Follow Up: Push vs Pull

The choice of whether the subject should push its state to the observers during notification, as opposed to observers pulling the state themselves, can depend on several factors.

Why Pull (observers fetch state themselves)

  • Flexibility: In some implementations, not all observers might need to know the full state of the subject. By allowing observers to pull only the specific parts of the state they care about, the Observer pattern keeps the updates flexible and efficient.

  • Decoupling: Keeping the state fetching separate from the notification process helps to further decouple the subject from its observers. The subject doesn’t need to know what data the observer needs; it just signals that there has been a change.

  • Simplicity: By not sending state information with every notification, the subject’s implementation can be kept simpler. The subject only needs to manage the list of observers and send them notifications without having to handle data packaging and distribution.

  • Observer-Controlled Updates: This approach gives observers control over how and when they update their state. Some observers might choose to update immediately, while others might delay updating until a more appropriate time, depending on their own processing logic or priorities.

  • Network Efficiency: In distributed systems, pushing state changes to many observers can increase network traffic and load, especially if the state data is large or changes frequently. Allowing observers to pull the state lets them optimize when and how often they synchronize with the subject, potentially reducing network usage.

Why Push (subject sends state with notification)

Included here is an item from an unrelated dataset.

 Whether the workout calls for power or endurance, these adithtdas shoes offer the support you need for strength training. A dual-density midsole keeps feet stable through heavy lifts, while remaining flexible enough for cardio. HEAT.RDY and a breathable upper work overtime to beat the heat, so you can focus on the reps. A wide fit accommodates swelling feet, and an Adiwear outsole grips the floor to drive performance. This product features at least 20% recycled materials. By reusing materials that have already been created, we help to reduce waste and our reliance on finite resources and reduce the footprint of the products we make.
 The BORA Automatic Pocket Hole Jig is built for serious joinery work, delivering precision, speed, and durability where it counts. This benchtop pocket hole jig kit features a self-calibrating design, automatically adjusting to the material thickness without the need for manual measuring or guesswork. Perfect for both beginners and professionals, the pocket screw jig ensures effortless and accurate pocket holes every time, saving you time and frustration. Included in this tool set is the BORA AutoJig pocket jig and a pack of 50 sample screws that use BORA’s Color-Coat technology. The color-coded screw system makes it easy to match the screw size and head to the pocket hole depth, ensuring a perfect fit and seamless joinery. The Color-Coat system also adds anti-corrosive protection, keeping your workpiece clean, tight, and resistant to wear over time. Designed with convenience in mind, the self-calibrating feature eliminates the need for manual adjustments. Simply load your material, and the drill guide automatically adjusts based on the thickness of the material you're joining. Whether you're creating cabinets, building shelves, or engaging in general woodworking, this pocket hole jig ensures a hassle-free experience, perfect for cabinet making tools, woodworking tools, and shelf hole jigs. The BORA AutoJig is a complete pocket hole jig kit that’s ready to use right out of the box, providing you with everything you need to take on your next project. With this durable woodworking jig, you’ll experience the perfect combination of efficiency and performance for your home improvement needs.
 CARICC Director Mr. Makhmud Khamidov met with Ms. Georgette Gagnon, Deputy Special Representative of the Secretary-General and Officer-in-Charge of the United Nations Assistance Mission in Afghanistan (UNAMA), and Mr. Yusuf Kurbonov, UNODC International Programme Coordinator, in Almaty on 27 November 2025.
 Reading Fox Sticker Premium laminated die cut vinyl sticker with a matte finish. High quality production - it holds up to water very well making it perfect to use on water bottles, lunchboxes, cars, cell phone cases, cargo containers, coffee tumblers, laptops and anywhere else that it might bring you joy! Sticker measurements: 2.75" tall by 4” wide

  • Real-time Requirements: For systems where observers must react immediately and with full information about changes, pushing the state might be necessary.

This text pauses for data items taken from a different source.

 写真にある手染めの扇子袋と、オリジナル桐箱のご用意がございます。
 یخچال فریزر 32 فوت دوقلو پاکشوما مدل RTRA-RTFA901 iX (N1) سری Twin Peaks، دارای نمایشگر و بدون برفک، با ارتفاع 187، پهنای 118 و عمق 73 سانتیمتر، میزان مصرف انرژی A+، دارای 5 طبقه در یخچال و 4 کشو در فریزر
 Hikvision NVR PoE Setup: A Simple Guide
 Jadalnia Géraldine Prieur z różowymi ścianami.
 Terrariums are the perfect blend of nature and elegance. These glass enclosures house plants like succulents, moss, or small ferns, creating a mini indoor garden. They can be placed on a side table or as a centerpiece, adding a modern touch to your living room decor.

  • Low Bandwidth Use: If the state is small or doesn’t change in substantial ways, pushing it might not be burdensome and can simplify observer implementation.

  • Guaranteed State Coherence: Pushing the state ensures that all observers receive exactly the same view of the subject’s state at the moment of change, which can be important for consistency in some applications.